- Directed by: Chang Cheh
- Screenplay by: Chang Cheh; Ni Kuang;
- Produced by: Lin Hsing Fan
- Starring: Chen Kuan Tai; Alexander Fu Sheng; Feng Kean; Zhu Mu;
- Cinematography: Mu-To Kung
- Music by: Fu-Ling Wang
- Production company: Chang's Film Company
- Release date: January 19, 1974 (Hong Kong);
- Running time: 93 minutes
- Country: Hong Kong
- Languages: Cantonese Mandarin
- Box office: HK$1.363 million

= Heroes Two =

1974 Hong Kong film by Chang Cheh

Heroes Two is a 1973 Hong Kong martial arts film directed by Chang Cheh. The film stars Alexander Fu Sheng and Chen Kuan Tai.

== Plot ==
Heroes Two begins with the burning of the Shaolin Temple, and chronicles the efforts of Fang Shi-yu (Alexander Fu Sheng) and Hung Si-kuan (Chen Kuan Tai) as they combat the forces of oppression, fighting alongside the Chinese revolutionaries. Manchurian General Che Kang (Zhu Mu) is a clever Warlord who capitalizes on the naïveté of Fang Shi-yu.
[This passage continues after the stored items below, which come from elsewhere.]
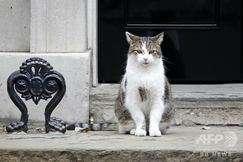 子犬は救助犬として知られるジャックラッセルテリアの雄で、英動物愛護団体「フレンズ・オブ・アニマルズ・ウェールズ(Friends of Animals Wales)」が保護していた。だが、首相官邸には長年、猫のラリー(Larry)が住んでおり、この日も官邸の玄関前に姿を見せた。(c)AFP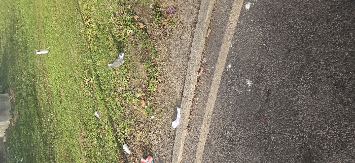 A patch of green grass with litter, including pieces of white debris and a gray object, sits next to a rough patch of dirt. The dirt borders a gray curb and a black asphalt road. The road has sporadic white markings and a double yellow line visible on its surface. The overall scene is untidy.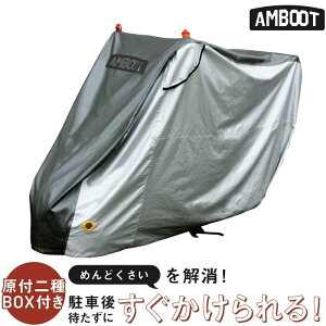 アンブート AMBOOT すぐかけられるバイクカバーサイズ:原付二種BOX付きカラー:シルバー/ガンメタリック素材:ポリエステル、アクリルシルバーコーティング/アクリルガンメタコーティング付属品:本体カバー...

Neither man realizes that they fight for the Shaolin cause, and General Che Kang tricks Fang Shi-yu into believing that Hung Si-kuan is a renegade bandit. With the help of the General's henchmen, Fang Shi-yu defeats a bloodied Hung Si-kuan. Then the tough rebel is put into shackles inside the General's castle. Word quickly spreads that Fang Shi-yu beat the unbeatable Shaolin hero, and the local faction of the rebellion attacks the unknowing Fang Shi-yu for his rash actions. When the rebel leader reveals the true nature of Hung Si-kuan, Fang Shi-yu is beside himself. The naïve martial artist initially intends to correct his mistake by sneaking into the General's dungeon and liberating his cohort from the grasp of the Manchurians. However, General Che Kang himself is a powerful Kung Fu practitioner who foils Fang Shi-yu's plans. Once Fang Shi-yu joins his Rebel brothers, they devise a plan to tunnel into the underground prison and rescue Hung Si-kuan. After several tenuous attempts at freeing him, the Shaolin heroes succeed in their task. Now reunited, Fang Shi-yu, Hung Si-kuan, and their Rebel brothers must endure the assault of General Che Kang and his Manchurian army.

==Release==
Heroes Two was released in Hong Kong on January 19, 1974. It grossed 1.363 million Hong Kong dollars.

==Reception==
In a contemporary review, the Monthly Film Bulletin referred to the film as "a classic martial arts fable in which Chang Cheh respects both the historic and the mythic context of the arts themselves" and that the film "may be a lesser work" than Men From the Monastery, but it is "nevertheless one of great visual power and integrity."

From retrospective reviews, Sight & Sound found that the film "offers wall-to-wall kung-fu fighting - though the often routine choreography and monotonous thwack-thwack-thwack of the sound effects make it one for devoted fans only."